Epstein: Soriano to take 2-3 days to think on trade

By Bruce Miles

A possible trade of Alfonso Soriano by the Cubs seemed to clear a big hurdle in the last two days.

That hurdle would be Soriano's approval.

The Cubs left fielder met after Tuesday night's game in Arizona with team president Theo Epstein, general manager Jed Hoyer and field manager Dale Sveum. All indications are that Soriano seems willing to be traded, but Epstein told reporters Soriano wants a couple of days to think about it.

The New York Yankees, Soriano's first big-league team, are interested in acquiring a bat, and they've scouted Soriano extensively

Soriano is entitled by Major League Baseball's collective-bargaining agreement to veto any trade involving him because he is a so-called 10-and-5 player, meaning he has played in the big leagues at least 10 years and five with one club.

When he signed his eight-year, $136 million contract with the Cubs in November 2006, he was given a full no-trade clause by then-GM Jim Hendry, but the 10-and-5 rights supersede the no-trade.

The Cubs' lineup situation created a stir on social media Wednesday because Soriano was not in the lineup for the night's game against the D'Backs. The Cubs said it was a scheduled day off.

For his part, Soriano seems resigned to leaving if the two sides can work out a deal.

"Maybe wherever I go I can feel better," Soriano told reporters at Chase Field Wednesday. "(Epstein) knows my point. So now we're waiting.

"I'm 37. I want one more chance to go to the World Series. If (the Cubs) don't have that on their mind, (and) they're preparing the team for 2015 or 2016, it's too late for me. At the same time, I try to be a champion here. If not, I've got to try and do that with another team."

Soriano appeared to make it clear to reporters that he would not refuse a trade with the Yankees, who are on a list of teams that he would accept. The non-waiver trading deadline is July 31.

"We're got six, seven days," he said. "So I think the best chance, the best offer for them, that's what they want to take. We'll see.
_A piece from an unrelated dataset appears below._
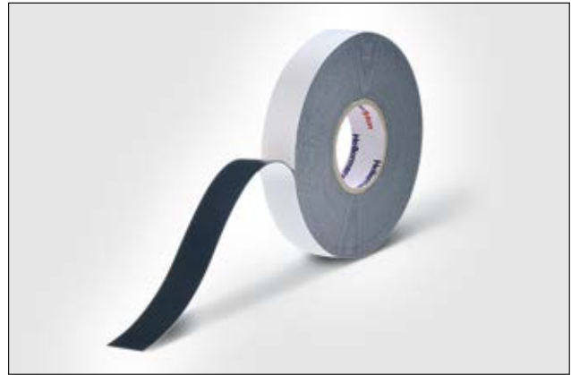
HelaTape Power 810 para aislamiento primario hasta 69 kV.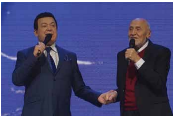
Народный артист СССР, депутат Государственной думы РФ И.Д. Кобзон; доктор биологических наук, профессор МГУ Н.Н. Дроздов на открытии первого международного экологического форума «У нас одна Земля. В гармонии с природой».

There's no rush."

The Cubs would like some financial relief from Soriano's contract, which was for $18 million this year and calls for him to be paid $18 million next season. The Yankees may pick up part of the money, and that no doubt would affect the caliber of prospect they'd be willing to send to the Cubs.

Soriano entered Wednesday with a hitting line of .254/.287/.467 with a team-leading 17 home runs. His 51 RBI were second on the team to Anthony Rizzo's 57.

Soriano's major-league career began in 1999 with the Yankees, for whom he played through 2003. He was on World Series teams in 2001 and '03, both of which lost, to the Diamondbacks in '01 and to the Marlins in '03.

If Soriano goes, the Cubs seem ready to plug rookie Junior Lake into left field. Lake went 12-for-22 with 2 home runs in his first 5 games since last Friday's call-up from Class AAA Iowa.